Pro-life Conservative MP Peter Goldring (Edmonton East) told The Interim he was furious at being misled about the nature of a parliamentarians’ association he agreed to become a vice-chair for after it was presented to him as a group dedicated to population and development issues, but which turned out to be focused narrowly on abortion and contraception.
On March 22, just weeks after being elected to become the vice-chair of the Canadian Association of Parliamentarians on Population and Development, he sent his letter of resignation from both the position of second vice-chair and the association. He informed the CAPPD’s chair, MP Raymonde Folco (BQ, Laval—Les Îles) that he was under the impression that the association’s mandate was to examine the “broad range of Millennium Development Goals,” including ending poverty and hunger, universal education, gender equality, child health, maternal health, HIV/malaria, the environment and global aid.
But, after reviewing the CAPPD constitution and other documents that were not available to him before joining the association, as well as taking into consideration a steering committee meeting in preparation for a Global Parliamentarians Summit in June, he said he realized that their priority of “increasing … access to abortion does not address” other important issues to improve the lives of people in the developing world.
He told The Interim he has worked with Folco before on the Canada-Caribbean Parliamentary Interchange and other committees and that he felt betrayed in lending his name, party affiliation and credentials to an association bent on promoting abortion. While he said it was possible that his background with homelessness, health and democratic development issues made him an ideal candidate for joining the association’s executive, he believes that his colleague knows him well enough that she should have been aware that CAPPD’s promotion of abortion would cause him problems.
Goldring said Folco sold him on the idea of joining CAPPD’s executive under the guise that the association addressed poverty and other MDGs. Folco, Goldring explained, asked if she could put his name forward as second vice-chair and he agreed, but could not make the meeting in which his nomination was approved.
During a conference call, he said that participants were “very careful” not to use the words abortion and reproductive health and instead “were fixated on women’s health issues” and “access to proper health facilities.” He asked Folco about this focus and she assured him that the CAPPD would not get into abortion advocacy.
In early March, he began to think something was afoul when he attempted to learn more about the CAPPD. “There were alarm bells,” he said about when he asked for material from the group and none was forthcoming.

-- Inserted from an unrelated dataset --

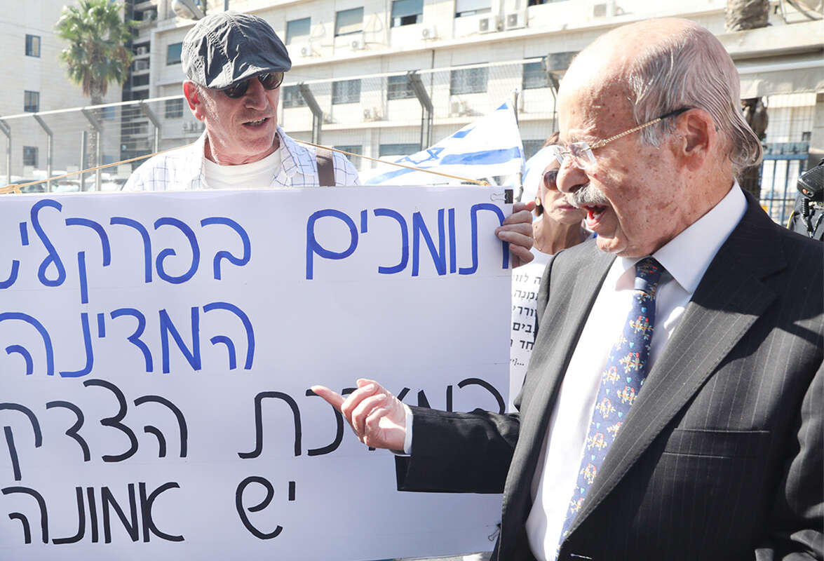 ייתכן שנעלמה פרשנות שונה בתכלית. עו"ד רם כספי, פרקליטו של רה"מ נתניהו, לצד מפגין ליד משרד המשפטים בירושלים // צילום: מרים צחי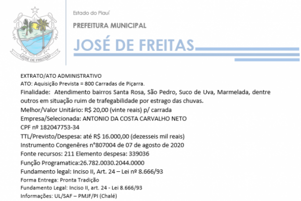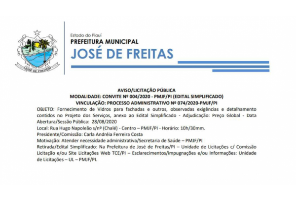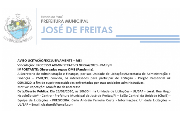 A Secretaria de Administração e Finanças, por sua Unidade de Licitações/Secretaria de Administração e Finanças – PMJF/PI, convida, os interessados para participar de licitação - Pregão Presencial nº 009/2020, a fim de suprir necessidades enfrentadas por suas unidades administrativas.

As he began to research the association, he garnered information about the group’s affiliations, including a European parliamentary group started by Planned Parenthood, as well as various local (Canadian) Planned Parenthood groups.
He was concerned about the affiliated groups’ promotion of population control as a form of poverty alleviation and noticed the liberal use of the phrase “reproductive health,” code term for abortion and contraception promotion among various non-governmental organizations and international bodies. Indeed, the constitution of the CAPPD links it to the activities of the United Nations Population Fund, which supports Red China’s one-child policy.
The last straw was reading the CAPPD constitution, which stated that all members are expected to uphold the “right to choose.” “I decided enough was enough and resigned,” Goldring explained. He said he was “profoundly disappointed,” because the focus on abortion prevented them from “doing the good work they could be doing and which is so desperately needed.”
He said that, “It is hard enough to bring members of different parties together” and that these experiences “destroy the trust” that does exist. He said it would be difficult to work with Folco in the future after the “entirely unnecessary dragging in of people like me in a sneaky, con-artist way.”
He said had he not been vigilant, his name would be attached to statements and the other work of the CAPPD that promoted abortion.
Mary Ellen Douglas, national organizer for Campaign Life Coalition, said she agreed with Goldring that the CAPPD wanted him for window dressing: “I think Mr. Goldring was quite correct in thinking that they wanted a pro-life MP on there to give them credibility and to continue to disguise what they were actually about.” Douglas added, “I don’t know how any pro-life politician can legitimately support this group.”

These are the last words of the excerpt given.